Чаадаев должен был отнестись к пушкинскому замыслу весьма скептически. Его возражения могли сводиться к следующему. Если, согласно слухам, Пушкин высечен по высочайшему повелению, то это вовсе не означает, что «по высочайшему повелению» пущены сами слухи. Никаких прямых доказательств участия государя в распространении сплетен нет. Следовательно, убийство его будет воспринято всеми не как поединок чести, а как обыкновенное злодейство (в этом смысле и нужно, наверное, понимать сбивчивые объяснения Пушкина в письме к Александру: я решился убить… но оскорбления не было). Далее: способно ли приблизить убийство Александра к свободе и падению «самовластья»? Русский император, при всех своих слабостях, все-таки лучше русского общества, в общем достойного всяческого презрения. (Некоторое представление о том, что тогда думал Чаадаев насчет этого общества, дают воспоминания Д. Свербеева: «Он обзывал Аракчеева злодеем, высших властей, военных и гражданских, - взяточниками, дворян - подлыми холопами, духовных - невеждами, все остальное - коснеющим и пресмыкающимся в рабстве»). Только от императора можно ожидать социальных и политических изменений, в том числе русской конституции. Покушение на него приведет не к политической свободе, а к крушению всех надежд и к торжеству самых мрачных сил.

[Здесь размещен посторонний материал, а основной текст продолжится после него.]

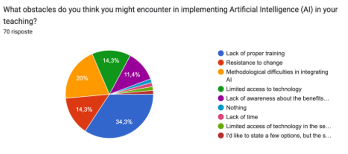 According to the needs analysis carried out by the partners, 97% of teachers think that it is necessary to develop skills in digital intelligence and AI. The most relevant identified obstacles in implementing the use of AI are a lack of proper training and methodological difficulties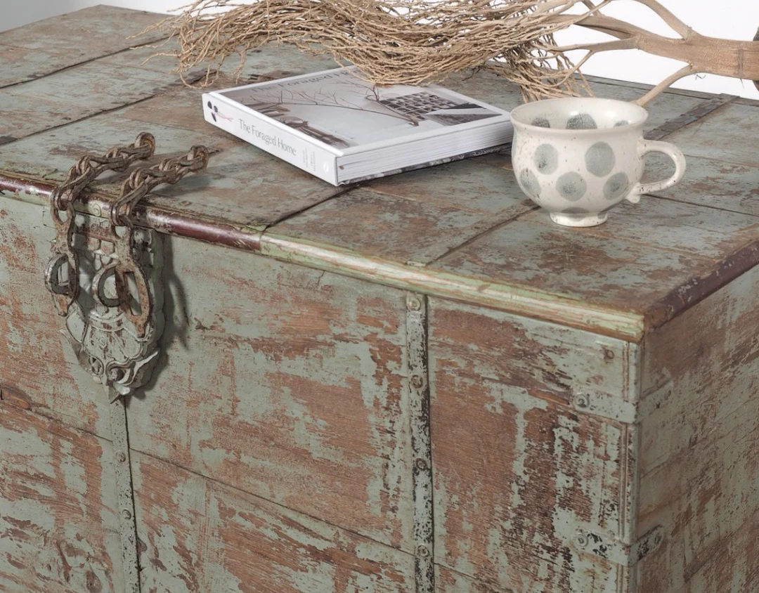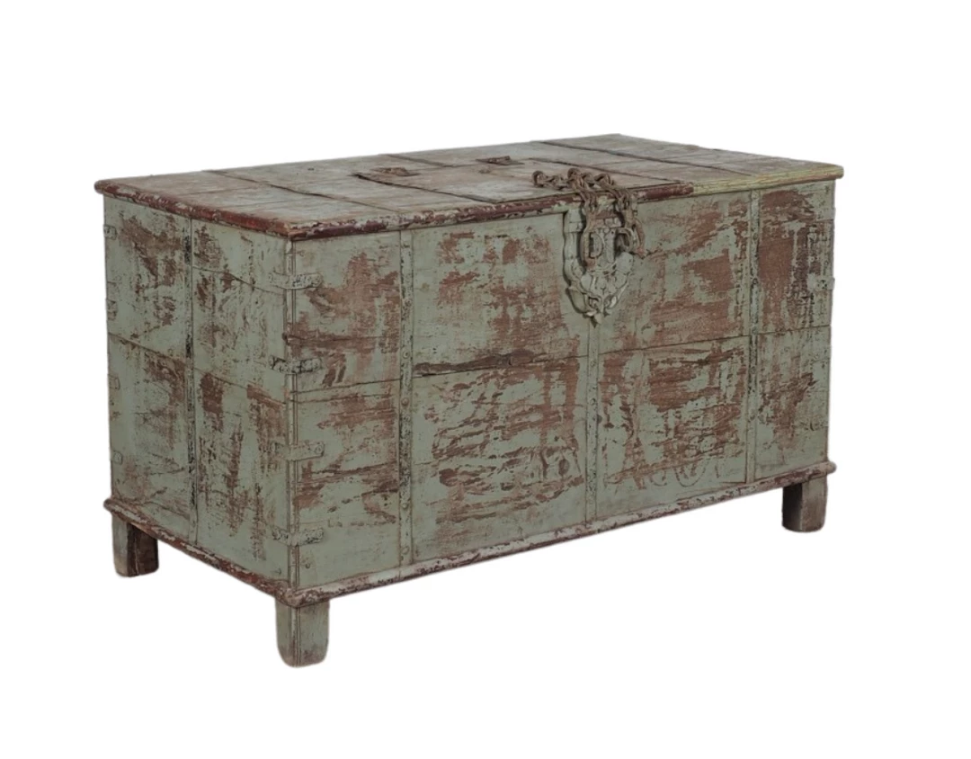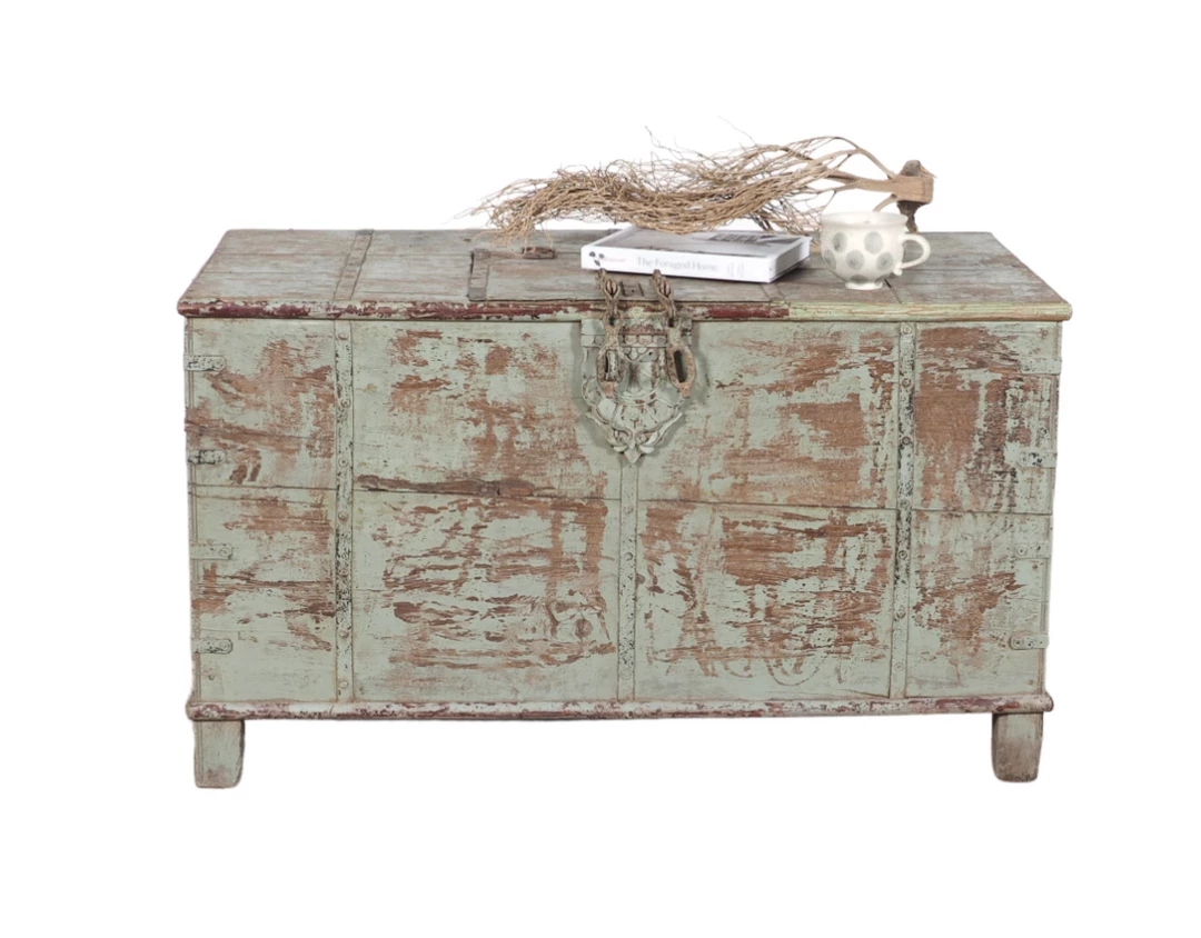 This Vintage Found Indian Trunk will add warmth and soul to your home , a unique storage solution for all your treasures and makes a one of a kind coffee tableÂ

Вот что примерно мог говорить Чаадаев разгоряченному Пушкину весной 1820 года.
Надо думать, Пушкин с готовностью и не без облегчения с Чаадаевым согласился (в письме дело, разумеется, представлено так, будто это «друг» согласился с Пушкиным). В глубине души он и сам, конечно, понимал малоисполнимость своих намерений. Властителей успешнее всего убивают не те, кто озабочен сохранением чести, а те, кто одержим жаждой власти.
Чем дело кончилось
В результате Пушкин переводит свое «тираноборчество» туда, где ему и надлежало быть: в план слова и в план символически насыщенных, но вполне безопасных жестов. В компании литераторов он читает свою эпиграмму на Стурдзу, едва не убитого немецкими патриотами (со стихами: «Ты стоишь лавров Герострата / И смерти немца Коцебу»). В театре демонстрирует портрет Лувеля (седельщика, убившего герцога Беррийского), украшенный надписью: «Урок царям»…
В письме императору Пушкин объясняет свое поведение желанием «пострадать» («я жаждал Сибири или крепости, как средства для восстановления чести»). Пушкин здесь лукавит. На самом деле ничего подобного он не жаждал. Его вызывающее поведение преследовало другие цели. Таким способом Пушкин стремился реабилитировать себя в глазах презираемого общественного мнения и восстановить честь, оказавшуюся в подозрении: «тайно высеченные» столь дерзко себя не ведут!… Известие о том, что он может и впрямь отправиться в сибирскую сслыку, застало Пушкина врасплох и повергло его в панику (чему сохранилось множество достоверных свидетельств). Пушкин настолько привык к вольной атмосфере 10-х годов, что не был готов к серьезному повороту событий. В глубине души он все-таки не верил в то, что Александр - тиран…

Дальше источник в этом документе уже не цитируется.